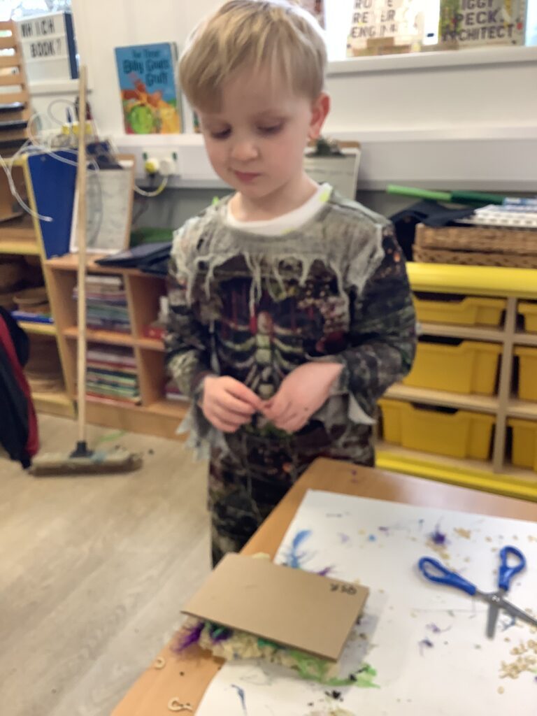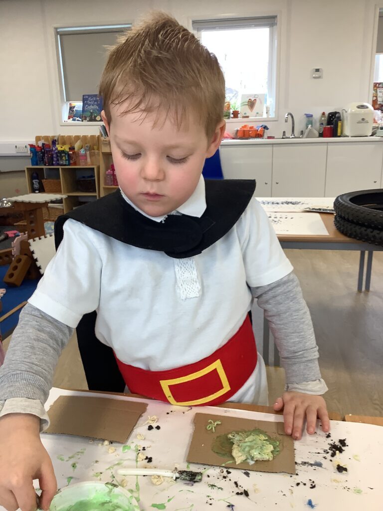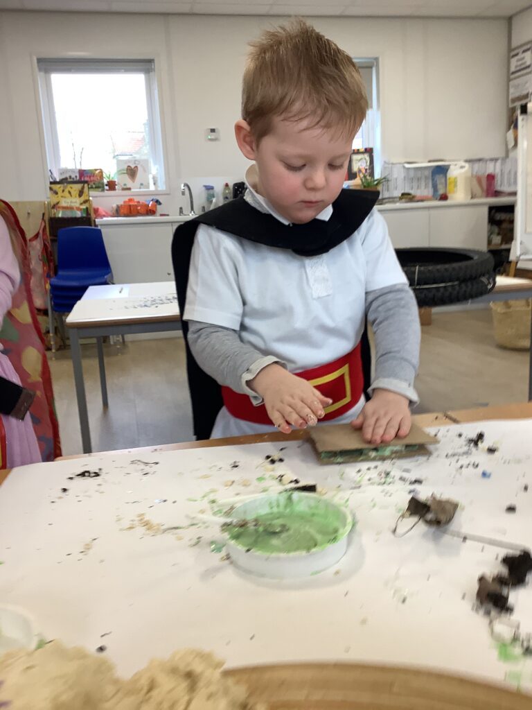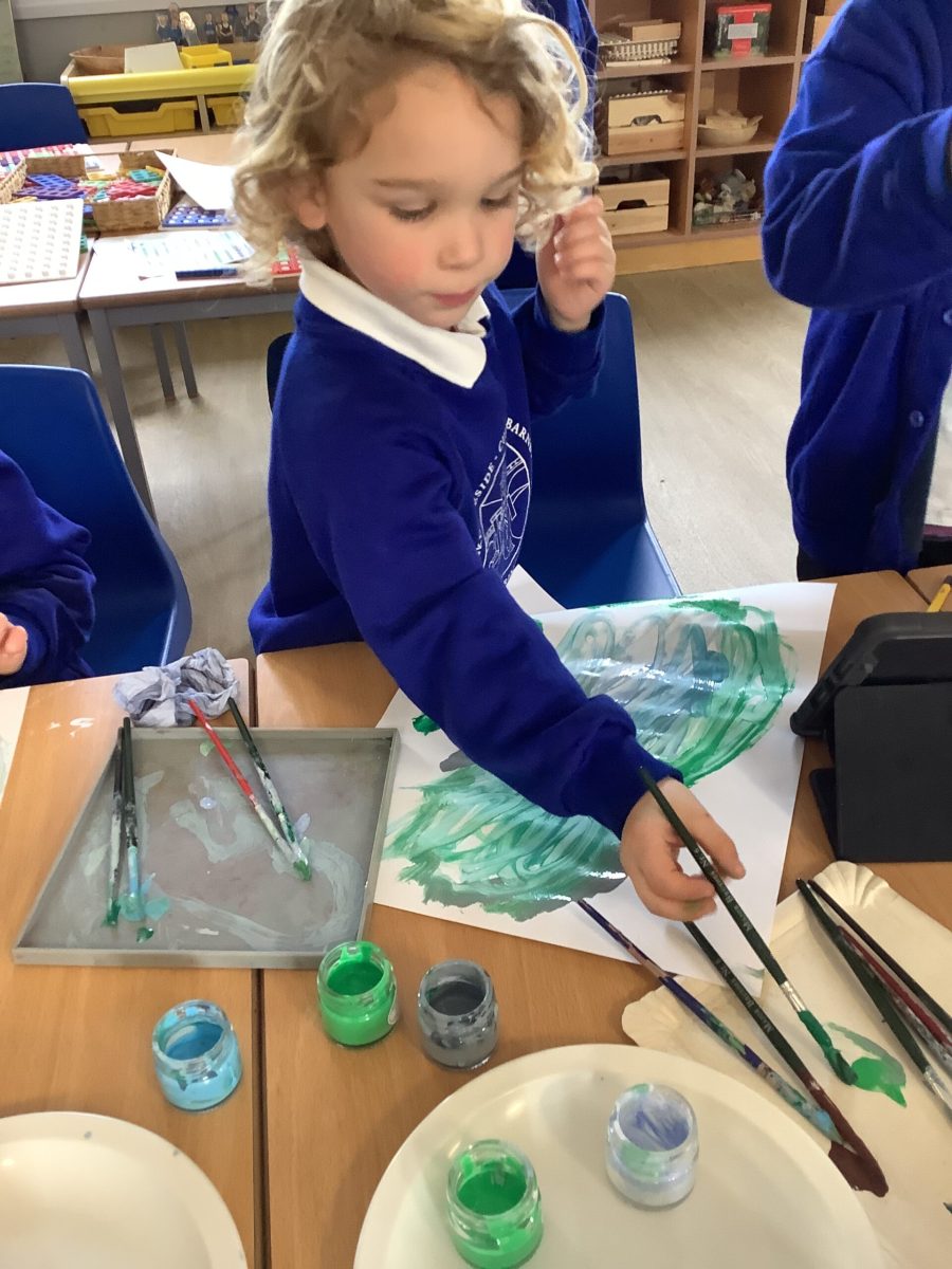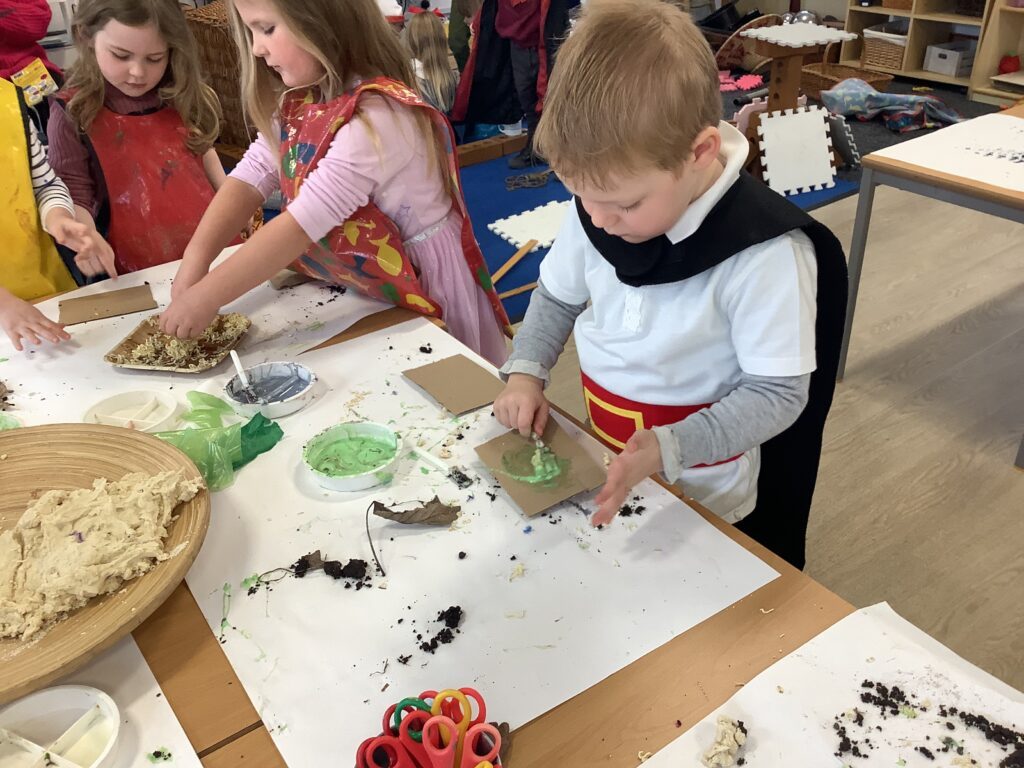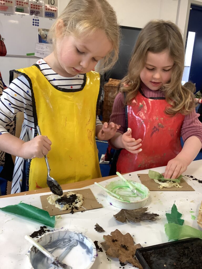 On Wednesday, we braved the forest. Dodging the drizzle, we made it down there and collected leaves and sticks to print with in art later in the week. The forest was muddy, but we were dressed accordingly and moved around sensibly!
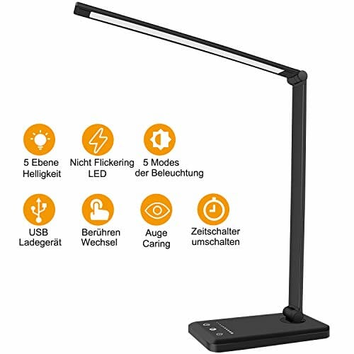 • Szczególne zastosowania: ‎Ściemniana lampa biurkowa LED do czytania, nauki pracy, ochrona oczu. 5 trybów oświetlenia, funkcja timera, przełącznik dotykowy
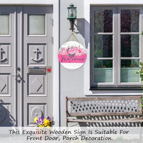 Welcome Door Sign, Flower Decor Wooden Sign Round Decorative Wall Plaque, Blush Pink Floral Welcome Sign for Front Door, Farmhouse Porch Yard Hanging Sign Outdoor Decorations -01
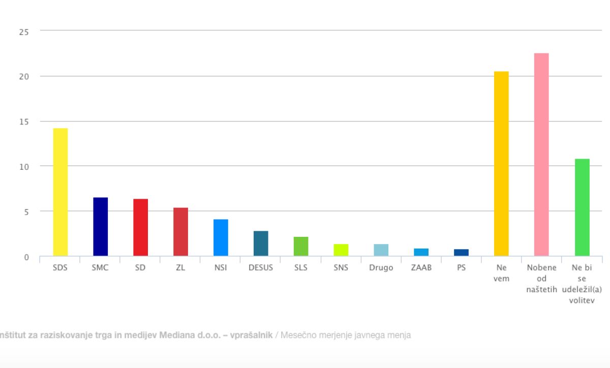 Desetina vprašanih je glede podpore vladi neodločenih. Med strankami prvo mesto ohranja opozicijska SDS, ki bi jo, če bi bile volitve v nedeljo, volilo nekaj več kot 14 odstotkov volivcev. Na drugem mestu je SMC, ki jo podpira 6,5 odstotka vprašanih, sledi pa ji SD. Skok na četrto mesto je uspel ZL, peta je NSi, šesti DeSUS, sedma pa neparlamentarna SLS.
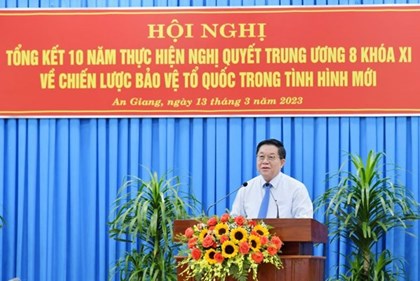 Ngày 13/3, Ban Thường vụ Tỉnh ủy An Giang tổ chức Hội nghị tổng kết 10 năm thực hiện Nghị quyết Trung ương 8 khóa XI về “Chiến lược bảo vệ Tổ quốc trong tình hình mới” trên địa bàn tỉnh An Giang.
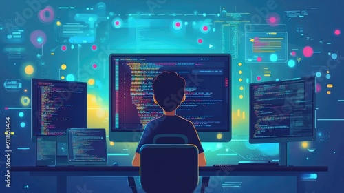 depicting software development DevOps practices and technology in a flat minimalist design style The image showcases a futuristic digital landscape with various elements related to programming
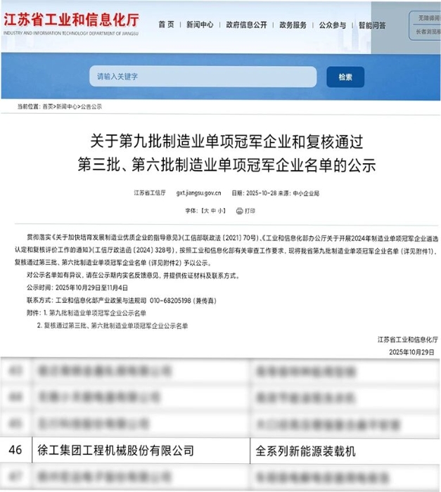 经徐州市推荐、江苏省工信厅评选、协会专家评审、工信部审核等流程,徐工全系列新能源装载机入围“第九批制造业单项冠军企业”名单。
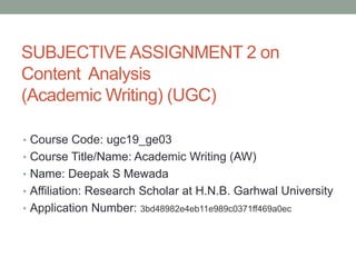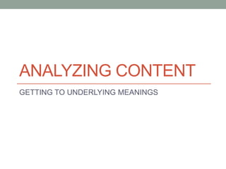 This document discusses content analysis as a research technique for systematically examining recorded information. It defines content analysis and outlines its uses and processes. Content analysis involves defining categories, measuring variables, and coding data for analysis. It can be quantitative or qualitative. Textual analysis examines meaning and power relations within texts, considering features, rhetoric, and relationships with other cultural artifacts. The purpose is to uncover dominant, negotiated, or oppositional meanings.
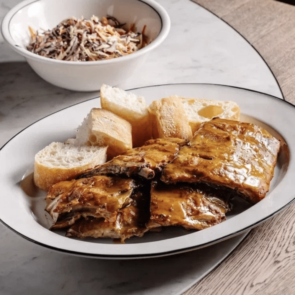 Ребра свиные, маринованные с медом и горчицей, копченые на ольховой щепе, салат Коул-Слоу (капуста белокочанная и краснокочанная, морковь, майонезно-горчичная заправка), хлеб Чиабатта
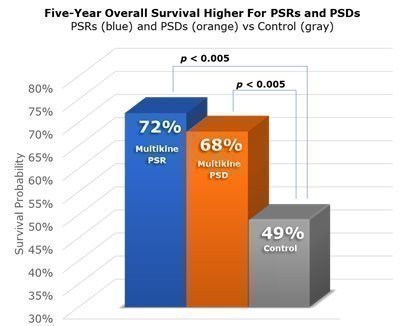 与对照组相比,我们仅证明MultiKine可能导致PSRS和PSDs是不够的,CEL-SCI还必须测试PSRS和PSDs是否会导致生存率的提高。CEL-SCI的III期试验表明,PSR患者有72%的可能性在五年后还活着,而对照患者只有49%左右的可能性在五年后还活着。PSD患者在CEL-SCI的III期试验中看到了类似的改善。他们5年的生存几率约为68%。因此,CEL-SCI认为,III期试验表明,那些因多因子而出现PSR或PSD的患者比未接受多因子治疗的患者寿命更长。需要注意的是,这些结果来自整个III期研究人群,而不是来自一个亚组。对于PSR患者(蓝色)、PSD患者(橙色)和未接受Multikine(灰色)的对照患者,至少能活五年的可能性如下图所示。
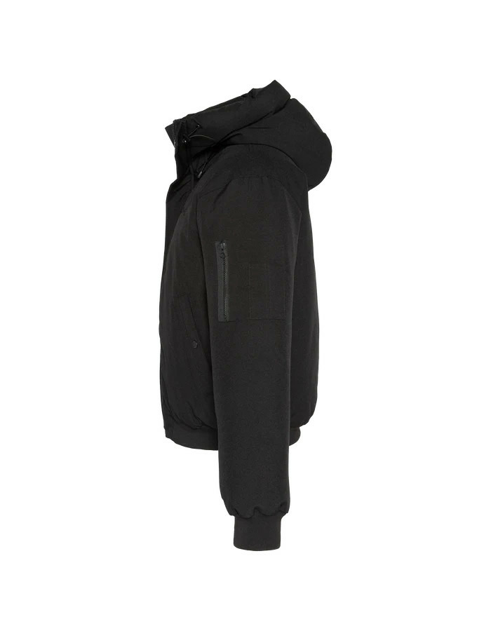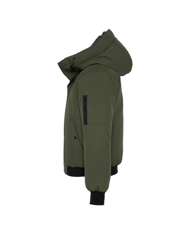 La surface extérieure affiche une apparence lisse et uniforme. Deux poches basses pressionnées offrent un rangement accessible. Une poche zippée sur la manche gauche ajoute une touche fonctionnelle inspirée des blousons techniques. Le modèle dispose également de deux poches intérieures. L’une possède une fermeture zippée sécurisée et l’autre utilise une pression. Ces rangements facilitent l’organisation du quotidien.

**Problem to work on:** Give the lines again exactly, beginning with the first line of the records above and ending with the line that contains "This document discusses", and include no pictures.

**Response box:**
 On Wednesday, we braved the forest. Dodging the drizzle, we made it down there and collected leaves and sticks to print with in art later in the week. The forest was muddy, but we were dressed accordingly and moved around sensibly!
 • Szczególne zastosowania: ‎Ściemniana lampa biurkowa LED do czytania, nauki pracy, ochrona oczu. 5 trybów oświetlenia, funkcja timera, przełącznik dotykowy
 Welcome Door Sign, Flower Decor Wooden Sign Round Decorative Wall Plaque, Blush Pink Floral Welcome Sign for Front Door, Farmhouse Porch Yard Hanging Sign Outdoor Decorations -01
 Desetina vprašanih je glede podpore vladi neodločenih. Med strankami prvo mesto ohranja opozicijska SDS, ki bi jo, če bi bile volitve v nedeljo, volilo nekaj več kot 14 odstotkov volivcev. Na drugem mestu je SMC, ki jo podpira 6,5 odstotka vprašanih, sledi pa ji SD. Skok na četrto mesto je uspel ZL, peta je NSi, šesti DeSUS, sedma pa neparlamentarna SLS.
 Ngày 13/3, Ban Thường vụ Tỉnh ủy An Giang tổ chức Hội nghị tổng kết 10 năm thực hiện Nghị quyết Trung ương 8 khóa XI về “Chiến lược bảo vệ Tổ quốc trong tình hình mới” trên địa bàn tỉnh An Giang.
 depicting software development DevOps practices and technology in a flat minimalist design style The image showcases a futuristic digital landscape with various elements related to programming
 经徐州市推荐、江苏省工信厅评选、协会专家评审、工信部审核等流程,徐工全系列新能源装载机入围“第九批制造业单项冠军企业”名单。
 This document discusses content analysis as a research technique for systematically examining recorded information. It defines content analysis and outlines its uses and processes. Content analysis involves defining categories, measuring variables, and coding data for analysis. It can be quantitative or qualitative. Textual analysis examines meaning and power relations within texts, considering features, rhetoric, and relationships with other cultural artifacts. The purpose is to uncover dominant, negotiated, or oppositional meanings.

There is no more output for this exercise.